Validated weekly against **57 models** (29 safetensors + 28 ONNX):

**Safetensors (full header fetch):**
Qwen3.5-{0.8B,4B,9B,27B,35B-A3B,397B-A17B}, Qwen2.5-7B-Instruct, Qwen3-Coder-Next,
DeepSeek-V3.2, Kimi-K2.5, MiniMax-M2.5, GLM-5,
Nemotron-3-{Nano-4B, Super-120B}-{BF16,NVFP4,FP8},
Granite-4.0-1b-speech, BitNet-b1.58-2B-4T, MiroThinker-{1.7,1.7-mini},
Sarvam-{30b,105b}, Reka-edge-2603, LocoTrainer-4B, OmniCoder-9B,
Nanbeige4.1-3B, Param2-17B-A2.4B, gpt-oss-20b, all-MiniLM-L6-v2

**ONNX (graph-only, no weight download):**
Qwen3.5-{0.8B,2B,4B}-ONNX, Qwen3-{4B-VL,VL-2B,Reranker-0.6B}-ONNX,
Qwen2.5-{0.5B,VL-3B}-ONNX, LFM2-24B-A2B, Olmo-Hybrid-{SFT,DPO,Think}-7B,
Voxtral-Mini-4B, Granite-4.0-1b-speech, Nemotron-Nano-4B,
BERT-multilingual-NER, chinese-RoBERTa, multilingual-MiniLMv2, CodeT5,
Jan-code-4b, Josiefied-Qwen3.5-0.8B, IndoBERT-news-classification,
ai-image-detection × 4, vehicle-classification, tmr-text-detector

---

## Contributing

All logic is in the `modelsig/` package.
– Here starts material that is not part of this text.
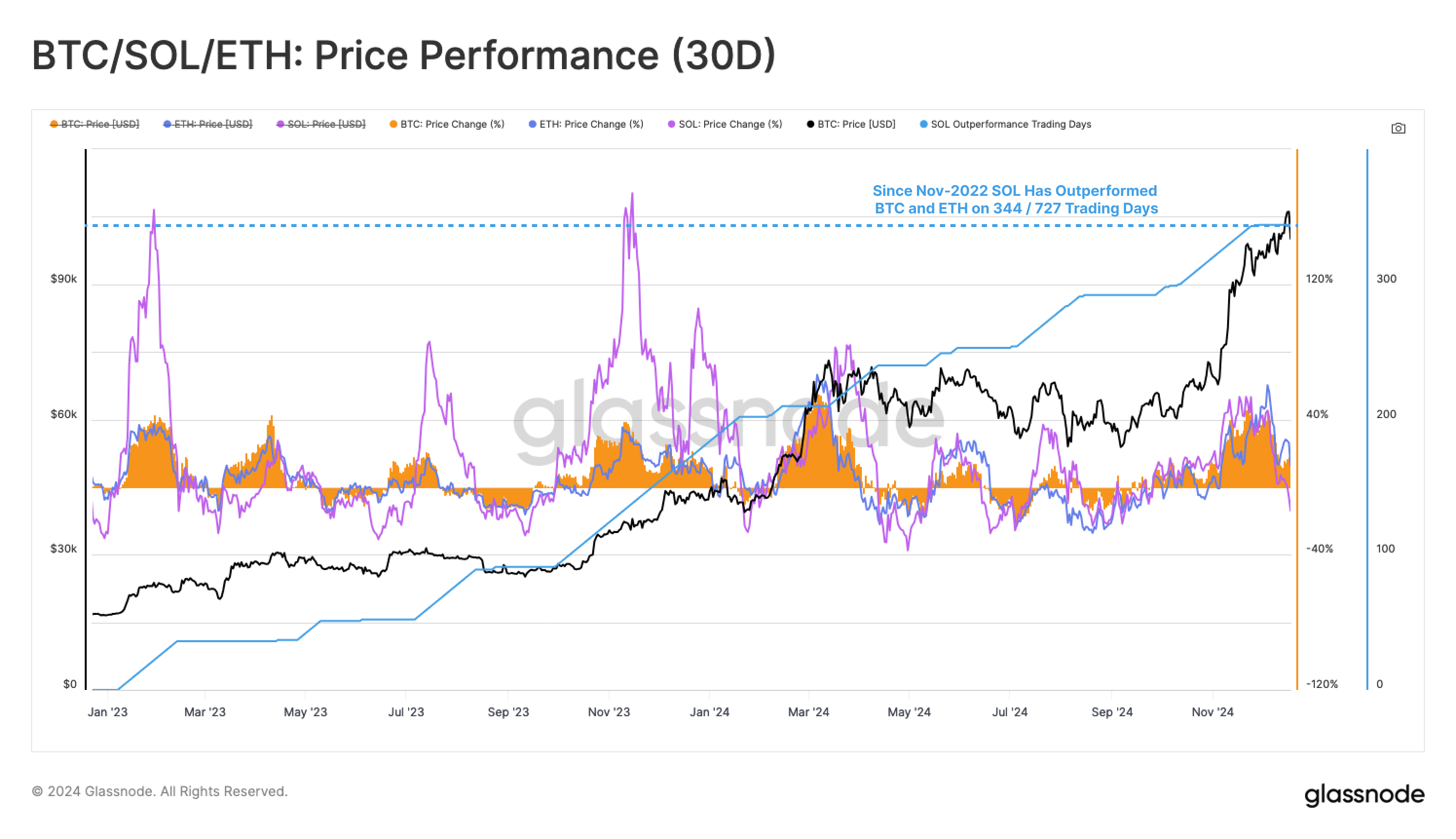 After plummeting to a shocking low of just $9.64, Solana has made a remarkable recovery, recording an astonishing increase of +2,143% over the last 2 years. This impressive price performance has allowed Solana to outperform both Bitcoin and Ethereum on 344 out of 727 trading days since the FTX event, showcasing the substantial growth and demand for the asset.
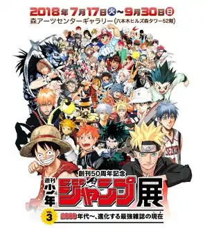 A promotional poster for the 50th anniversary exhibition of Weekly Shōnen Jump.

Each subdirectory has a single responsibility. Tests live in `tests/` and cover 130+ unit + integration scenarios.

```bash
git clone https://github.com/joe0731/modelsig
cd modelsig
uv sync --extra dev # installs all deps + dev tools
uv run pytest tests/ -v
```

Weekly validation against the full model zoo runs via GitHub Actions (`.github/workflows/weekly-validation.yml`).

---

## Related Projects

- [huggingface_hub](https://github.com/huggingface/huggingface_hub) — HF Hub Python client
- [safetensors](https://github.com/huggingface/safetensors) — safe, zero-copy tensor serialization
- [vLLM](https://github.com/vllm-project/vllm) — high-throughput LLM inference
- [ONNX Runtime](https://github.com/microsoft/onnxruntime) — cross-platform inference accelerator

---

## License

Apache 2.0 — see [LICENSE](LICENSE).